While Sir Maximillian couldn’t stay focused on the games (“I’m flirting with the queen!”), Sir Morrick won them, growing more unsportsmanlike and belligerent with each one until he slugged his squire, drawing blood from her face. (Maybe he was trying to give her a matching scar.) As I told J. later, I went to a joust, and a World Wrestling Federation bout broke out. The upshot was proclamation of a “joust to the death,” to be held later in the afternoon. Despite his vile loathsomeness (handsomely packaged though it be), Sir Morrick posed patiently for photos with fans after he returned to cool off his horse. Maybe he’s not such a bad guy after all.
Ray Pena and his raptors were next — a pair of adult Harris hawks and 3-1/2-month-old gyrfalcons. He also called out his 11-year-old pointer, who seemed loath to leave the shade of the pavilion, but finally plopped in the dust of the arena. It’s hard to picture her hot on the trail of prey.
If I remember right, a kestrel demonstrated mantling, which was a crowd pleaser. Pena explained, then demonstrated, the differences between hawks (slow flyers, catching prey on the ground) and falcons (fast flyers, catching prey on the wing). The female hawk caught the lure, while the male, as Pena said, “watched like a hawk.” The falcons were fabulous, swiftly diving at the lure and somehow not catching it on the first few attempts. Once rewarded, hawks and falcons tore voraciously into their freshly thawed meat, so it was amusing to watch Pena and his assistant smoothly but cautiously slipping the hoods back onto the highly aroused birds.
After watching the sledgehammer strength game, in which a thin, wiry man outperformed his brawnier predecessors, we returned to the Black Pearl, although I was just as determined not to buy anything — until I saw the sugilite earrings.

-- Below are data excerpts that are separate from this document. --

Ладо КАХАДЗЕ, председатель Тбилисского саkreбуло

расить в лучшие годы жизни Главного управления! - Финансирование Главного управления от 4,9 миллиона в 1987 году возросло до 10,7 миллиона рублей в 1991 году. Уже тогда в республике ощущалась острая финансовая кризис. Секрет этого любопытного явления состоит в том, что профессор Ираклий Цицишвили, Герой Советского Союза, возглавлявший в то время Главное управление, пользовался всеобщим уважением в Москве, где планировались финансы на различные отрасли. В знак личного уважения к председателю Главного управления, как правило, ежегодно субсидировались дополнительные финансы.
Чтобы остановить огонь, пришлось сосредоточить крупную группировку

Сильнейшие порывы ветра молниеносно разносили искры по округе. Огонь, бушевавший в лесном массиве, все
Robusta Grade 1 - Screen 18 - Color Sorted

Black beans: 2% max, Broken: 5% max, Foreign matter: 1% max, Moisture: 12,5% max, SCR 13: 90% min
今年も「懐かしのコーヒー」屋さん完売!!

As she was fond of purple and intrigued by anything uncommon, my aunt Marietta loved sugilite. Once when the Library of Congress was closed to all except researchers, she went in to look up what little published information there was on sugilite. Among her gemstone necklaces she had one or two of sugilite, although it’s pricey as these things go. I couldn’t help myself — I bought a pair as a tribute to her. They were relatively inexpensive because they’re veined with copper and aren’t beautifully translucent, but they are a rich pinkish purple.

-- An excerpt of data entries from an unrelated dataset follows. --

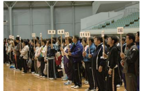
各都道府県代表がズラリと勢ぞろい

8年ぶりに東京で開催する今大会は、新築の墨田体育館と愛好者の憧れでもある東京体育館が会場なので、とても盛り上がると思います。全国の選手、愛好者の目標にされるように、選手のレベルと共に、規模、運営面でも最高のものを目指して頑張りたいです。
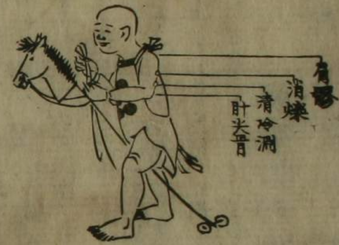
執 刀 式
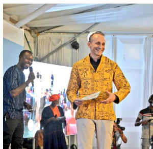
Participation aux 72 H du livre
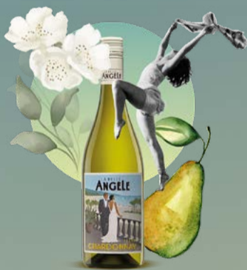
Chardonnay 2024 La Belle Angèle 75 cl | 12.5 % | 9.80

As we crossed the boardwalk bridge over the turtle pond, a young woman with a scourge offered “FREE BEATINGS!” to passersby. J. didn’t notice her, either.
After a cloudy start, the day had turned perfect, and so it was a lovely end to the faire (except for the loser of the joust to the death, presumably). Rose claimed us in the queue at Apple Holler, where we satisfied ourselves with more apple-themed food.
And so back to the free beatings so generously provided in the contemporary world.